Exercise description
Transcribe only part of the material below: the lines from the one containing "CHP Genel Başkanı" through the one containing "BEML Share Price: शुक्रवार, 20", inclusive, exactly as written.

Data supplied
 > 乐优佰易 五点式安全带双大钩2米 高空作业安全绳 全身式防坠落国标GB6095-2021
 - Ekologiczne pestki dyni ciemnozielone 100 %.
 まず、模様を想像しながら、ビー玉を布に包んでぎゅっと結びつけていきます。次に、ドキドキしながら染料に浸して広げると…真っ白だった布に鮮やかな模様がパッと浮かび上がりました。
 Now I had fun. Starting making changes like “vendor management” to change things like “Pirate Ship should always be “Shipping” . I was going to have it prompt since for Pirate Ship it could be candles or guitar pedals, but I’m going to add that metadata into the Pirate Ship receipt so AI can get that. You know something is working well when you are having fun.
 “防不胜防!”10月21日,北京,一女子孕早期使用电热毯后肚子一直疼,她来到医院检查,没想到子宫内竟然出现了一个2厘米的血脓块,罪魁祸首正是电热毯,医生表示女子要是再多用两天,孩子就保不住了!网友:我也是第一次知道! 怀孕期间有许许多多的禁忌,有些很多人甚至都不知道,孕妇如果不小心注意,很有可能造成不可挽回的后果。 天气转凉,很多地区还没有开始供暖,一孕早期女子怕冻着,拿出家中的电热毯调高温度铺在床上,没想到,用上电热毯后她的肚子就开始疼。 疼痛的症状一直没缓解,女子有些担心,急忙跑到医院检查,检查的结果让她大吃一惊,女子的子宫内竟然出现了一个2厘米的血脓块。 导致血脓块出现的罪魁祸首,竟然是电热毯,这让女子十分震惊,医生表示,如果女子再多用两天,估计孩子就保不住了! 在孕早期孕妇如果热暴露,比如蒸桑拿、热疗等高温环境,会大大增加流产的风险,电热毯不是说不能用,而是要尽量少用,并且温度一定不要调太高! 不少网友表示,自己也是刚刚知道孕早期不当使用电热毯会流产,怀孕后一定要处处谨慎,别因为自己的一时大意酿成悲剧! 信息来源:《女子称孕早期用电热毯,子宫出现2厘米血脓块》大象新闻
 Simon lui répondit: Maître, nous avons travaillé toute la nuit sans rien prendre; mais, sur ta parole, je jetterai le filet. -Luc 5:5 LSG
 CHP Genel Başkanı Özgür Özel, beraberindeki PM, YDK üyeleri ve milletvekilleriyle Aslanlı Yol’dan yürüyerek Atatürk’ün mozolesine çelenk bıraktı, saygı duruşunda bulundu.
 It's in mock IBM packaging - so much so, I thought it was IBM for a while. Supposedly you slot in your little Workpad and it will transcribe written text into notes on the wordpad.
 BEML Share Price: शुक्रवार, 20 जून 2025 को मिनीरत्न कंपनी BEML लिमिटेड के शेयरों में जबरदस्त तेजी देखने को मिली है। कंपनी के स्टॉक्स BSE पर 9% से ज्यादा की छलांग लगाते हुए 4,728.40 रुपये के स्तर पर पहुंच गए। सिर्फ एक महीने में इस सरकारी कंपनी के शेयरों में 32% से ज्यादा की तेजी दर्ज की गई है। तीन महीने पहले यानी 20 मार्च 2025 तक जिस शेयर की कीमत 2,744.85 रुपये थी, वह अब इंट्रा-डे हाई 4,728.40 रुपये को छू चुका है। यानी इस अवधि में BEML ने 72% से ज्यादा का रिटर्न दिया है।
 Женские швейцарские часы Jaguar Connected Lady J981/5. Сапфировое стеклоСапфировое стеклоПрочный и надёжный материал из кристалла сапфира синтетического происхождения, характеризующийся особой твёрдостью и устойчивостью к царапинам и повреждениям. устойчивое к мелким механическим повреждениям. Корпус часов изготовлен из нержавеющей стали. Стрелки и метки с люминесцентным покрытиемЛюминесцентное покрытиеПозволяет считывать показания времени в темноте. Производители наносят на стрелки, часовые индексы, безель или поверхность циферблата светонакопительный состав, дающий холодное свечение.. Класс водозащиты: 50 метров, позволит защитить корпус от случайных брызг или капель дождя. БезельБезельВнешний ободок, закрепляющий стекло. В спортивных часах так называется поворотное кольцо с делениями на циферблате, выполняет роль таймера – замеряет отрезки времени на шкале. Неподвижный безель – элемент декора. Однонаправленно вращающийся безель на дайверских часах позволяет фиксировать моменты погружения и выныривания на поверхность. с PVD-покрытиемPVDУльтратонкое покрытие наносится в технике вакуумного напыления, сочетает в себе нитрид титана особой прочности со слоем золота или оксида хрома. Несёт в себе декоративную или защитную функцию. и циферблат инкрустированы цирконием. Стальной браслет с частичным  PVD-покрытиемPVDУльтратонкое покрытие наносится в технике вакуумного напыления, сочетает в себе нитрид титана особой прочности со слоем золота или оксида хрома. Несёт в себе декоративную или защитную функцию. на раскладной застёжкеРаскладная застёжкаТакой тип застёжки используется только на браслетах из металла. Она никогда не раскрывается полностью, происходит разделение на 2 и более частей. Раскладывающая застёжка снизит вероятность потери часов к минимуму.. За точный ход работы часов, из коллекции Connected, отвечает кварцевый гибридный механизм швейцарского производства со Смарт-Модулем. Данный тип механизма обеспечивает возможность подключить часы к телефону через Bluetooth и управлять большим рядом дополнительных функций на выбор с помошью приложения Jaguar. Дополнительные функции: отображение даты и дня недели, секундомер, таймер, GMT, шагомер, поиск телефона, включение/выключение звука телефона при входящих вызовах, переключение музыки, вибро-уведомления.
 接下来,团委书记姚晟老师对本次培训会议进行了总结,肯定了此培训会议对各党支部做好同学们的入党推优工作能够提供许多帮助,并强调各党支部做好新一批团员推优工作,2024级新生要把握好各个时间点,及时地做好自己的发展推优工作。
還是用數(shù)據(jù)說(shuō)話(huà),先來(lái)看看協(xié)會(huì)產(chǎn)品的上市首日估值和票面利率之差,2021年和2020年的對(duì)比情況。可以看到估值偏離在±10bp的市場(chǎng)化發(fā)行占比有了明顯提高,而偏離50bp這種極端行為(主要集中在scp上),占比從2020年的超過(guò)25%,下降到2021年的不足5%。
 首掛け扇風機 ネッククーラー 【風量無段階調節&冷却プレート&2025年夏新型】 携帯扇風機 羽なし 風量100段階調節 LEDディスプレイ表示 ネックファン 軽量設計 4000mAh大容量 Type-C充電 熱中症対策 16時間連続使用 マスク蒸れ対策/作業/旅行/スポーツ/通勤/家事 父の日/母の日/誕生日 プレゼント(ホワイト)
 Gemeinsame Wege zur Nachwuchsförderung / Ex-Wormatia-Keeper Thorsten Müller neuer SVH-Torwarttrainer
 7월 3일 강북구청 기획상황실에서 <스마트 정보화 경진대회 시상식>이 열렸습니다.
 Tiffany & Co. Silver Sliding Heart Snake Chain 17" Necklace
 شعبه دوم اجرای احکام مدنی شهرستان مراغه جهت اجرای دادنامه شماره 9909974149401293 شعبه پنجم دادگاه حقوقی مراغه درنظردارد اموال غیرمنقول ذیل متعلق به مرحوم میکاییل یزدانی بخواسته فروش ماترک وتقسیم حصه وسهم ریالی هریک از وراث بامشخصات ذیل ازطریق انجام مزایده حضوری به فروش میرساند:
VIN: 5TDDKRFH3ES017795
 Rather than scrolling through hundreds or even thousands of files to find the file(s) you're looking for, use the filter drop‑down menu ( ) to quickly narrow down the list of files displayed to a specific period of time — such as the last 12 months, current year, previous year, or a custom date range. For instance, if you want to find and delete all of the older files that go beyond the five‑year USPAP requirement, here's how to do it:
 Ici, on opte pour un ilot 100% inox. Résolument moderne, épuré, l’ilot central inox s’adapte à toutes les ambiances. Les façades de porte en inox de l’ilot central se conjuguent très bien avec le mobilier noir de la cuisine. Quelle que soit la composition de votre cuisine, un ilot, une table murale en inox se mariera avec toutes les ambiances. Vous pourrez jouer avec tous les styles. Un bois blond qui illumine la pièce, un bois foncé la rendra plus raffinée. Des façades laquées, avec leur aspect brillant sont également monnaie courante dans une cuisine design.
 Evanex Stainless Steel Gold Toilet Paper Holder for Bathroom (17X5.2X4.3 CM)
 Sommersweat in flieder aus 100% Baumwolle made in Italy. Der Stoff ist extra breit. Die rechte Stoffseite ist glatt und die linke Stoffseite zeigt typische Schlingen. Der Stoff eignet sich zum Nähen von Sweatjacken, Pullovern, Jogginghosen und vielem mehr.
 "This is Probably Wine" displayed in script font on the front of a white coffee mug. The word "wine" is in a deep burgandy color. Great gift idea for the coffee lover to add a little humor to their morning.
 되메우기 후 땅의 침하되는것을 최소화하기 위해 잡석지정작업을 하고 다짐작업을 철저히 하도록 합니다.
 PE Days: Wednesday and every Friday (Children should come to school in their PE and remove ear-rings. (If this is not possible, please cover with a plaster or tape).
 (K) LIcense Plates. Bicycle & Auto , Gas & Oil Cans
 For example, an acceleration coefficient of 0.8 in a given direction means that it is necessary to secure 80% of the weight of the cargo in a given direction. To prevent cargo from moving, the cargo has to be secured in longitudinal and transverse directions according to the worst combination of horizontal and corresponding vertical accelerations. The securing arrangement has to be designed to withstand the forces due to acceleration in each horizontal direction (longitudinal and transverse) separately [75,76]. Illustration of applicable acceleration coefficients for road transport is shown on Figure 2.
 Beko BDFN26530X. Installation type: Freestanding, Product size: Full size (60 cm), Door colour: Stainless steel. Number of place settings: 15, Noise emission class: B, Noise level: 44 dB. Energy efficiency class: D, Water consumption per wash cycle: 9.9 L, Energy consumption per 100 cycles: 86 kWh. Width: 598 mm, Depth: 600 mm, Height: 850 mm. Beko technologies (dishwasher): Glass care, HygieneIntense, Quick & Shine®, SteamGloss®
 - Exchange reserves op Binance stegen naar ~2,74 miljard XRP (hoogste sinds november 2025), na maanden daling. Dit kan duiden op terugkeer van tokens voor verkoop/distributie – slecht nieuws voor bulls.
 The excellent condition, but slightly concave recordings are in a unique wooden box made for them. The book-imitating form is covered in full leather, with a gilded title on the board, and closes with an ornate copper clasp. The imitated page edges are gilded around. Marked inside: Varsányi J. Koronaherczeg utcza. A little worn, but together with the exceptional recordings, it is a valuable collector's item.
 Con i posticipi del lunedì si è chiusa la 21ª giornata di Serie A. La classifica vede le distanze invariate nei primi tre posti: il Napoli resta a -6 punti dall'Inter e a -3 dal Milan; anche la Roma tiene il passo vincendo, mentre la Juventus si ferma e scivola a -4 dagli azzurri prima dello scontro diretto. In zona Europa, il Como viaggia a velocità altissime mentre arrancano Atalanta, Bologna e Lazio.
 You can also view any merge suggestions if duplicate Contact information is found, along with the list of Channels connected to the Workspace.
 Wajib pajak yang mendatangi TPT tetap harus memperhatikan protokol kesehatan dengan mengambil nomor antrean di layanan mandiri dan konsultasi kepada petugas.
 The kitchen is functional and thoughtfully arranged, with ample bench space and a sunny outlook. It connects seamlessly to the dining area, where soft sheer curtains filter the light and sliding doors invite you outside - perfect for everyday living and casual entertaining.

Answer space
 CHP Genel Başkanı Özgür Özel, beraberindeki PM, YDK üyeleri ve milletvekilleriyle Aslanlı Yol’dan yürüyerek Atatürk’ün mozolesine çelenk bıraktı, saygı duruşunda bulundu.
 It's in mock IBM packaging - so much so, I thought it was IBM for a while. Supposedly you slot in your little Workpad and it will transcribe written text into notes on the wordpad.
 BEML Share Price: शुक्रवार, 20 जून 2025 को मिनीरत्न कंपनी BEML लिमिटेड के शेयरों में जबरदस्त तेजी देखने को मिली है। कंपनी के स्टॉक्स BSE पर 9% से ज्यादा की छलांग लगाते हुए 4,728.40 रुपये के स्तर पर पहुंच गए। सिर्फ एक महीने में इस सरकारी कंपनी के शेयरों में 32% से ज्यादा की तेजी दर्ज की गई है। तीन महीने पहले यानी 20 मार्च 2025 तक जिस शेयर की कीमत 2,744.85 रुपये थी, वह अब इंट्रा-डे हाई 4,728.40 रुपये को छू चुका है। यानी इस अवधि में BEML ने 72% से ज्यादा का रिटर्न दिया है।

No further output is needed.